_Exercise prompt_. Restate the data below word for word. Leave the images out.

_Data section_.
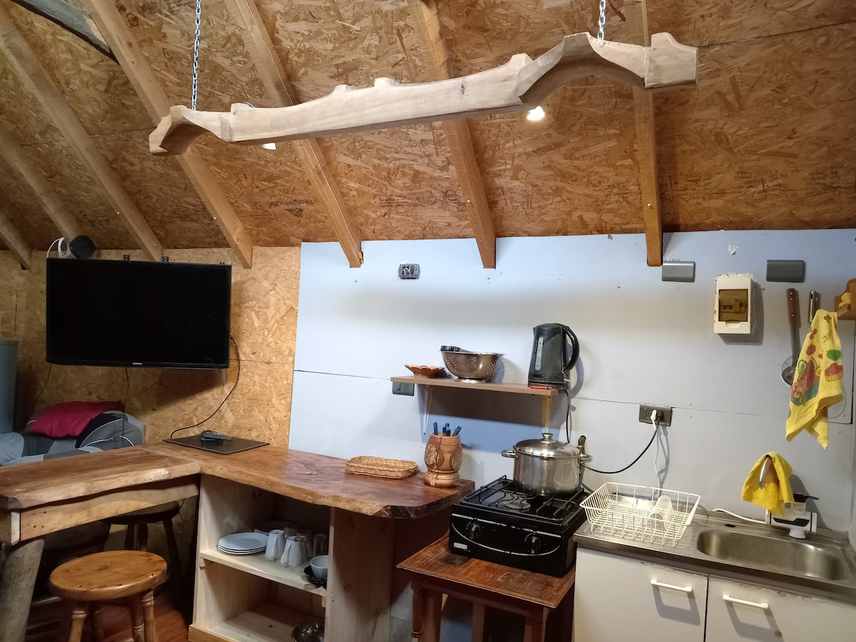 Koppla av på denna unika och lugna tillflyktsort. Inbäddad i den inhemska skogen, som i en saga, där du upplever naturen som en enhet och kan se stjärnorna och månen på natten från din säng ... om vädret tillåter. Njut av regnet och ibland snön i all sin prakt! Det har en privat badkar! Kärlet har ett separat värde (det ingår inte i värdet för stugan - kostar 40 000 $ per gång den används)
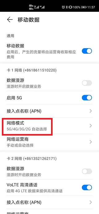一般5G手机上都有5G开关,以华为P40手机为例:
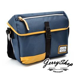 【JerryShop】配皮剪裁質感郵差包-藍色
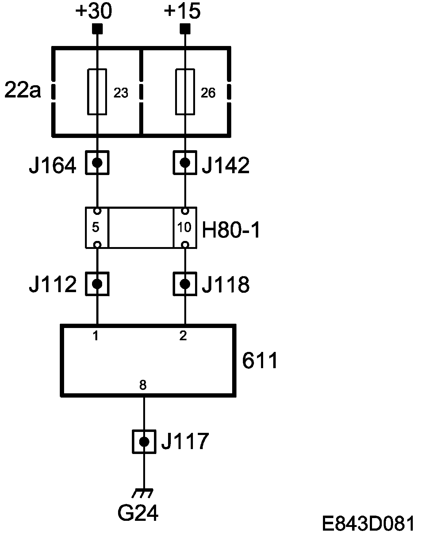 +30 power supply, fed via fuse 23 to control module pin 1.
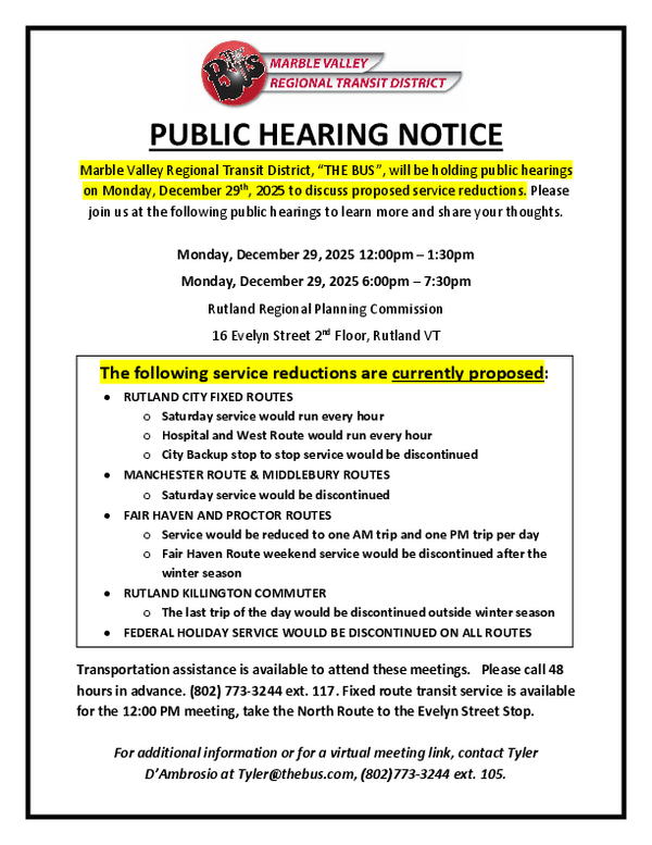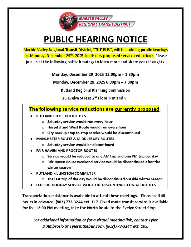The Marble Valley Regional Transit District (MVRTD) 'The Bus' has notified the Town of (2) upcoming public hearings on December 29, 2025, to discuss proposed service reductions. Please see the attached Public Hearing Notice for further details and for an outline of the proposed reductions. Please visit the MVRTD website for further information: Rutland Public Transportation | Paratransit & Daily Services | The Bus
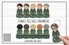 Welcome to this set of PEG DOLL FEMALE PARAMEDICS. You get a Peg Doll with different hair colours and a set of glasses to add if needed. As well as a rear view. These come in 3 skin tones Fair, Medium and Dark. These are designed to fit the Peg Doll Blanks which make perfect keyrings but are also great for other projects such as cards, cushions and mugs and water bottles too. These are high resolution 300 DPI files. Thanks as always for looking.
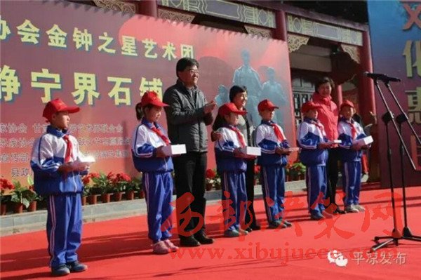 市委書(shū)記鄭亞軍致辭,慰問(wèn)演出活動(dòng)由靜寧縣委書(shū)記王曉軍主持。鄭亞軍指出,平?jīng)鍪且粋€(gè)古老而又神奇的地方,更是一塊紅色的熱土。1935年8月到1936年10月,紅一、二、四方面軍和紅二十五軍全部過(guò)境平?jīng)?,紅色足跡遍及平?jīng)銎呖h區(qū)。界石鋪?zhàn)鳛榧t軍三大主力靜會(huì)地區(qū)會(huì)師的“中心基地”,是紅軍長(zhǎng)征途徑的主要地區(qū),留下了毛澤東、周恩來(lái)、張聞天等五位黨和紅軍領(lǐng)導(dǎo)人,開(kāi)國(guó)十大元帥中的九位元帥,十大將軍中的八位將軍,還有57位上將中的47位、177位中將中的161位、千余位少將和數(shù)萬(wàn)紅軍將士的歷史足印,在中國(guó)革命史上具有重要的歷史地位,發(fā)揮了重要的作用。
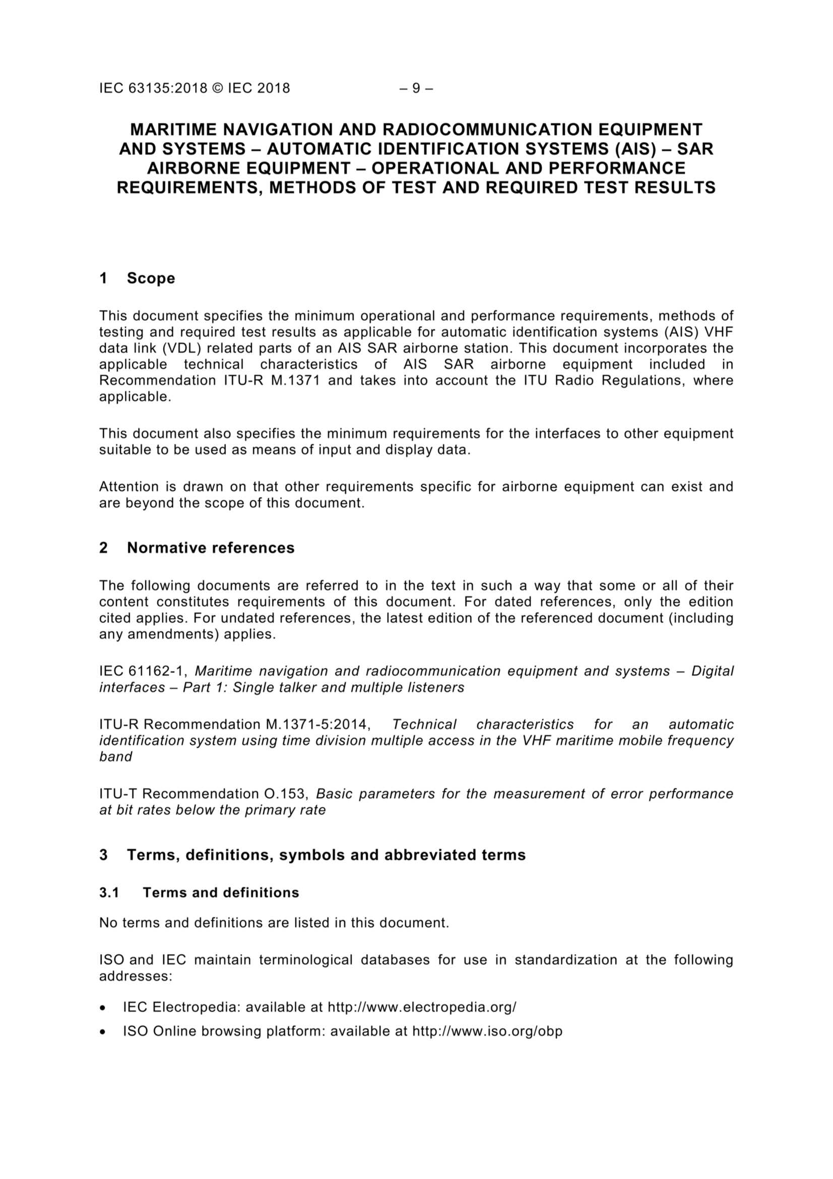 IEC 63135 (2018)(Ed1.0) Maritime Navigation and Radiocommunication Equipment and Systems – Automatic Identification Systems (AIS) – SAR Airborne Equipment – Operational and Performance Requirements, Methods of Test and Required Test Results 海上导航和无线电通信设备及系统 - 自动识别系统(AIS) - SAR机载设备 - 操作和性能要求、测试方法和要求的测试结果
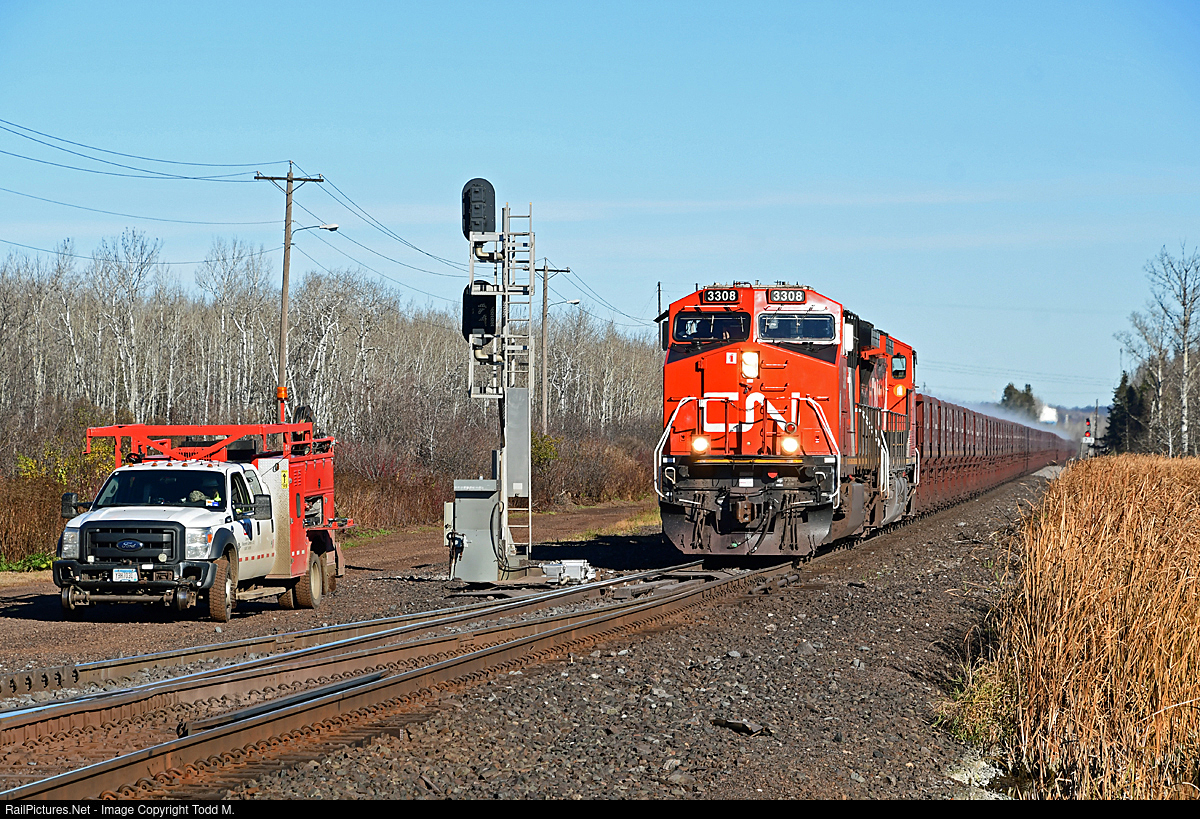 RailPictures.Net Photo: CN 3308 Canadian National Railway GE AC44C6M at Eveleth, Minnesota by Todd M.
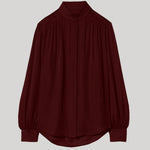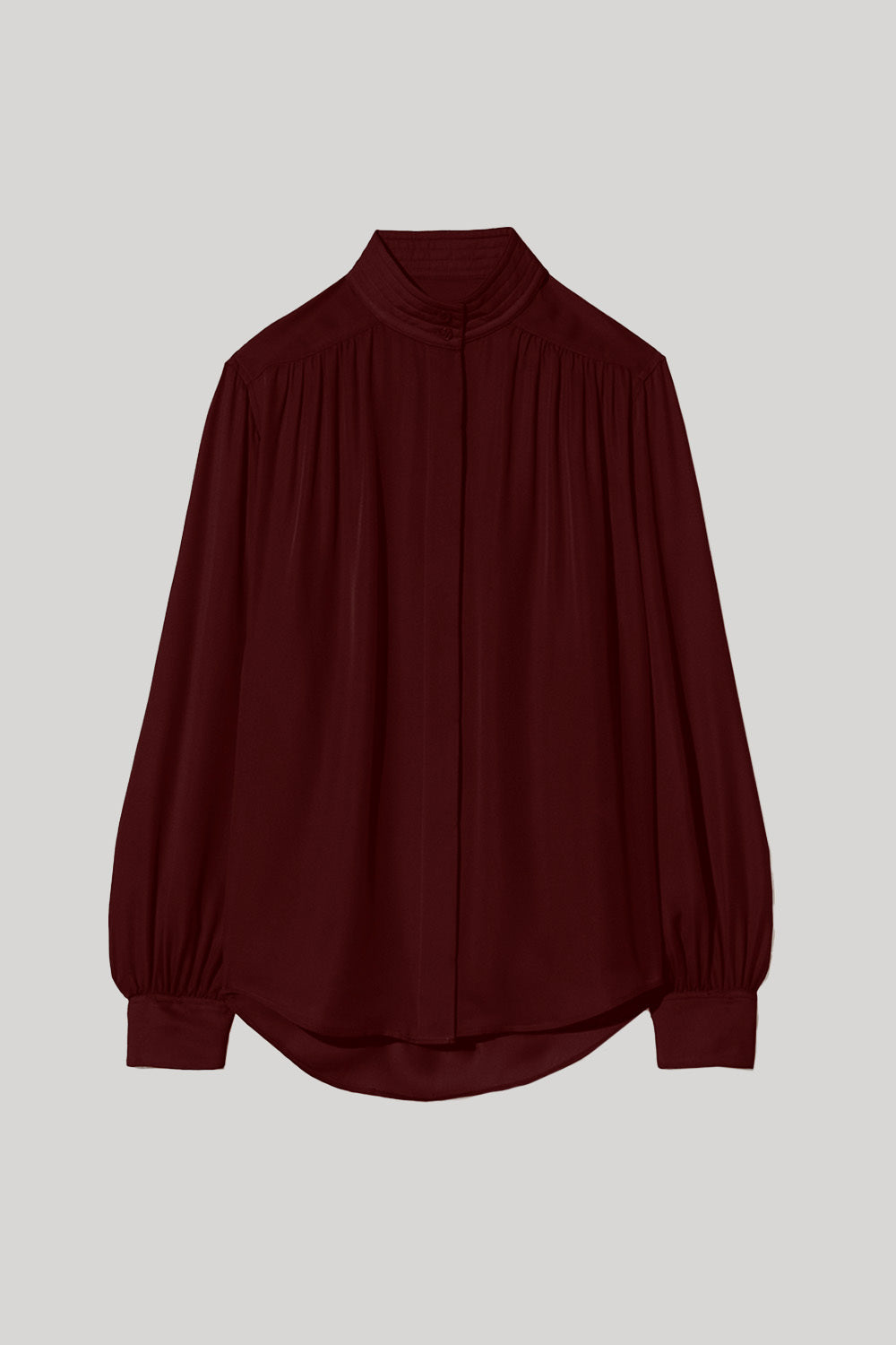 Relaxed fit blouse. Collar stand featuring tropunto topstitching. Hidden center front placket. Front yoke and sleeves with shirring. Billowy sleeves with buttoned cuffs and slits. Self-binding detail. Shirttail hem.
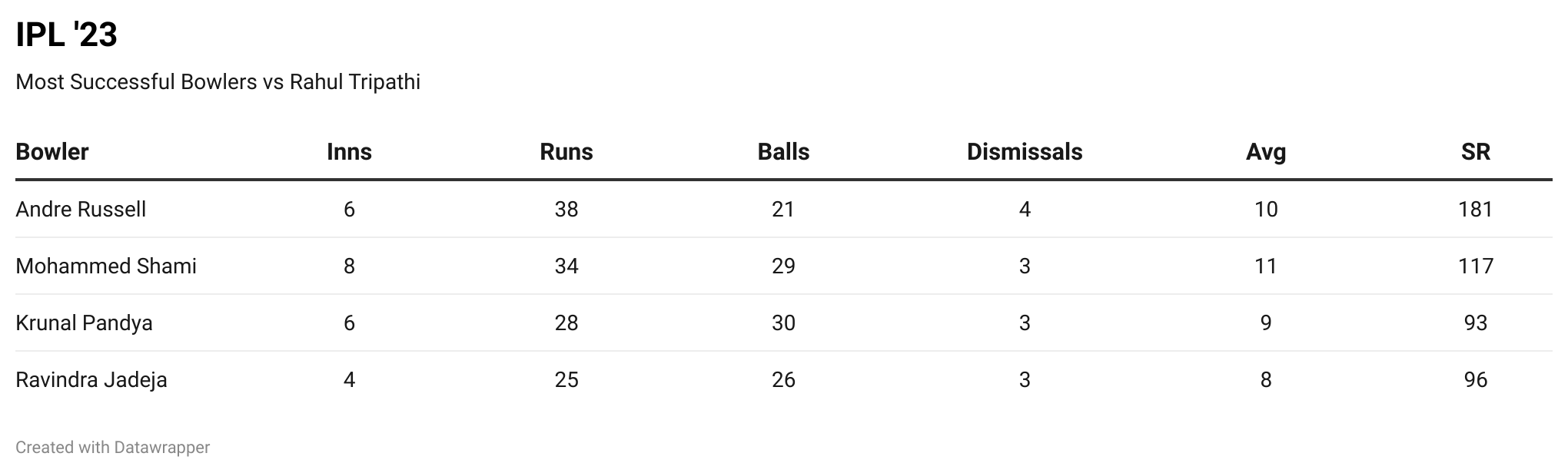A matchup to watch out for is between Tripathi and Krunal. Tripathi has been dismissed three times against Krunal in T20s, which is the second joint-most for a bowler in T20s.

_Expected answer_.
 Koppla av på denna unika och lugna tillflyktsort. Inbäddad i den inhemska skogen, som i en saga, där du upplever naturen som en enhet och kan se stjärnorna och månen på natten från din säng ... om vädret tillåter. Njut av regnet och ibland snön i all sin prakt! Det har en privat badkar! Kärlet har ett separat värde (det ingår inte i värdet för stugan - kostar 40 000 $ per gång den används)
一般5G手机上都有5G开关,以华为P40手机为例:
 【JerryShop】配皮剪裁質感郵差包-藍色
 +30 power supply, fed via fuse 23 to control module pin 1.
The Marble Valley Regional Transit District (MVRTD) 'The Bus' has notified the Town of (2) upcoming public hearings on December 29, 2025, to discuss proposed service reductions. Please see the attached Public Hearing Notice for further details and for an outline of the proposed reductions. Please visit the MVRTD website for further information: Rutland Public Transportation | Paratransit & Daily Services | The Bus
 Welcome to this set of PEG DOLL FEMALE PARAMEDICS. You get a Peg Doll with different hair colours and a set of glasses to add if needed. As well as a rear view. These come in 3 skin tones Fair, Medium and Dark. These are designed to fit the Peg Doll Blanks which make perfect keyrings but are also great for other projects such as cards, cushions and mugs and water bottles too. These are high resolution 300 DPI files. Thanks as always for looking.
 市委書(shū)記鄭亞軍致辭,慰問(wèn)演出活動(dòng)由靜寧縣委書(shū)記王曉軍主持。鄭亞軍指出,平?jīng)鍪且粋€(gè)古老而又神奇的地方,更是一塊紅色的熱土。1935年8月到1936年10月,紅一、二、四方面軍和紅二十五軍全部過(guò)境平?jīng)?,紅色足跡遍及平?jīng)銎呖h區(qū)。界石鋪?zhàn)鳛榧t軍三大主力靜會(huì)地區(qū)會(huì)師的“中心基地”,是紅軍長(zhǎng)征途徑的主要地區(qū),留下了毛澤東、周恩來(lái)、張聞天等五位黨和紅軍領(lǐng)導(dǎo)人,開(kāi)國(guó)十大元帥中的九位元帥,十大將軍中的八位將軍,還有57位上將中的47位、177位中將中的161位、千余位少將和數(shù)萬(wàn)紅軍將士的歷史足印,在中國(guó)革命史上具有重要的歷史地位,發(fā)揮了重要的作用。
 IEC 63135 (2018)(Ed1.0) Maritime Navigation and Radiocommunication Equipment and Systems – Automatic Identification Systems (AIS) – SAR Airborne Equipment – Operational and Performance Requirements, Methods of Test and Required Test Results 海上导航和无线电通信设备及系统 - 自动识别系统(AIS) - SAR机载设备 - 操作和性能要求、测试方法和要求的测试结果
 RailPictures.Net Photo: CN 3308 Canadian National Railway GE AC44C6M at Eveleth, Minnesota by Todd M.
 Relaxed fit blouse. Collar stand featuring tropunto topstitching. Hidden center front placket. Front yoke and sleeves with shirring. Billowy sleeves with buttoned cuffs and slits. Self-binding detail. Shirttail hem.
A matchup to watch out for is between Tripathi and Krunal. Tripathi has been dismissed three times against Krunal in T20s, which is the second joint-most for a bowler in T20s.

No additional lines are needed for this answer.